It is Erotica this week, so after Wednesday most of my week is going to be spent having mechanics from Dudley tell me about their sex lives. I don't want to hear about the sex lives of ugly people, but at least the fact they talk in a funny way makes up for what they are saying.
'y'am loiks it up the bum'
Last time I met lots of tranvestites who worked in the building trade, they had big thick arms and dressed liked Tory wives from the home counties. The ones I chatted too seemed quite pleasant until they kept going on about how they wanted their winky chopped off.
In preperation for being hit with this barrage of filth and debauchery I have got in some supplies of food to help cleanse the spirit. Lots of green tea and some mangos. I am going to have to buy some more mangos now as I ate most of them last night as they were too tasty looking. I love mangos me, if I was James Bond, Goldfinger would just have to send in a girl with a tray of mangos and I would probably crack.
James: So do you expect me to talk?
Goldfinger: No Mr Bond, I expect you to die.
James: Aren't you supposed to try and use mangos on me?
Goldfinger: Nope, lasers hurt more.
James: This dialogue doesn't make much sense anymore.

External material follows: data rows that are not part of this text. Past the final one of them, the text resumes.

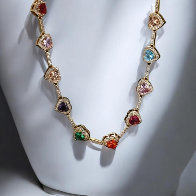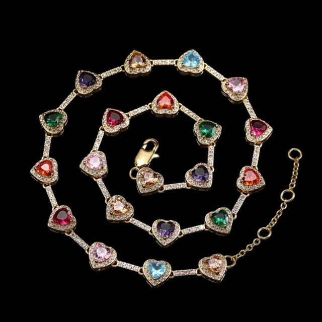 Succombez au charme vintage avec ce collier pendentif en forme de cœur, conçu en cuivre plaqué-or 18K et orné de zircones synthétiques colorées. Ce bijou raffiné, de 10mm de largeur et 43+5cm de longueur ajustable, apporte une touche de luxe à votre tenue. Parfait pour les occasions spéciales telles que les anniversaires et les fêtes, ce collier est le cadeau idéal pour hommes et femmes, rappeurs ou amateurs de mode. Laissez briller votre style et exprimez votre personnalité unique avec ce collier de caractère.
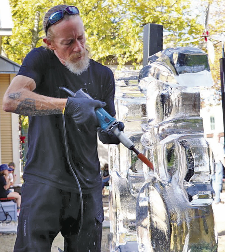 Professional ice carver Burr Rasmussen puts blades, chainsaws and buffers to two blocks of ice, creating a snowman, right, and snow woman in an ice-carving spectacular Saturday along Main Street, sponsored by Shoppes at 222. Star photo by Jeff B. Flinn
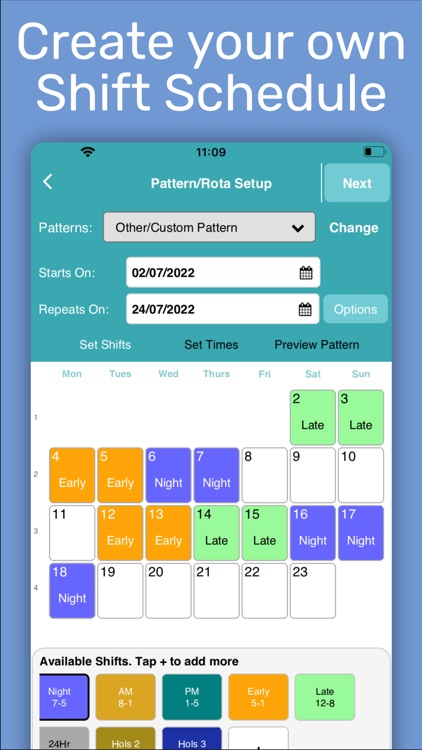 - Common shift patterns and rotas built-in:
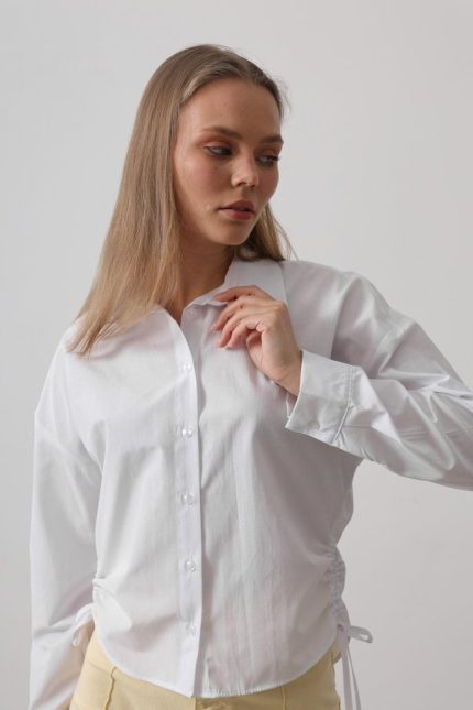Yanları Bağlamalı Basic Gömlek – Beyaz
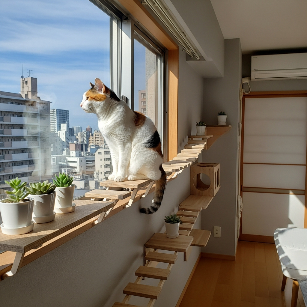 - キャットウォークやキャットステップを壁に設置

Goldfinger: Not really, fancy a mango?
James: Oh yes please. Can I have a knife so I don't make a mess?
Goldfinger: Of course, I just had the carpets cleaned you know.
ACTION: James takes knife and stabs Goldfinger with it and then runs off with a girl and a nice car, and more mangos.
FIN.
Also at Erotica will be some people who work in porn, most of them think I am gay too.